PBoC approves HSBC and Standard Chartered as market-makers in GBP/RMB
Chinese premier Li Keqiang expects renmninbi trading in London to eventually outpace volumes in mainland China, just as London trades more dollars than New York and more euros than Europe, he told participants at a high-level financial forum in London, following an agreement to directly trade sterling against the RMB.
His comments came after the People’s Bank of China (PBoC) and the UK launched GBP/RMB trading without a dollar leg, which will encourage the development of the direct exchange rate.
The pound becomes the fifth major currency to trade directly against the renminbi (RMB), after the US dollar, Japanese yen, Australian dollar and New Zealand dollar.
On June 18, the PBoC also approved UK banks HSBC and Standard Chartered Bank as market-makers for direct trading in GBP/RMB in interbank markets, while China Construction Bank became the first RMB clearing bank in London. Meanwhile, UK Chancellor George Osborne announced an RMB export guarantee for British businesses.
The announcements were made at the UK-China Financial Forum in London, where Osborne and the Chinese premier welcomed the closer ties between their countries.
“I believe the emergence of China’s currency as one of the world’s leading currencies will be the next huge change. [Put] bluntly, I want the City to facilitate that change and be central to it. In 2011, there was almost no offshore renminbi activity in London. Now we account for two-thirds of Renminbi trading outside China and Hong Kong… Last year, with the permission of the Chinese government, we saw the first Chinese bank do the same, and now, Chinese banks will soon be able to apply to set up wholesale buy lexapro australia branches here. It’s hugely important in underpinning the future growth of London’s RMB business,” the Chancellor said in his speech at the forum.
Market participants at the conference, some of which took place under Chatham House Rules, said they expect the global share of RMB payments to grow to 30%, from the current level of 3%, and the RMB to be structurally ready for liberalisation by 2017 – a year earlier than previously hoped.
Chinese authorities have also granted new licences to HSBC Asset Management and Blackrock’s UK subsidiary, allowing them to make RMB-denominated investments into China, while the UK government has agreed to provide export guarantees for RMB transactions.
This guarantee will be a boon for companies such as Airbus and Rolls-Royce in the first instance, as the launch will give them better access to China’s aerospace industry, estimated to be worth more than $600 billion over the next 20 years. The UK is currently China’s third-largest trading partner in the European Union.

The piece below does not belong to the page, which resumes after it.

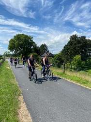 Buntgeschmückte Fahrräder, Musik und laute Fahrradklingeln: so ging es am Samstag, dem 3. Juli 2021 bei schönstem Sonnenschein vom Kindergarten los, um unsere langjährige Kollegin Monika Abrahams zu einer Fahrradtour abzuholen.

“In London, China is seen as an opportunity, whereas in New York, China is seen as the new bad guy, and in Europe, the financial transaction tax will thwart the growth of the EUR/RMB market. So, I think London will emerge as the main trading hub for both GBP/RMB and USD/RMB,” says Jon Vollemaere, chief executive and founder of R5FX, an interbank trading platform for emerging market currencies.
GBP/RMB is now a quoted currency pair on the China Foreign Exchange Trade System. The UK is the world’s largest currency trading hub, capturing some 40% of the $5.3 trillion-a-day market.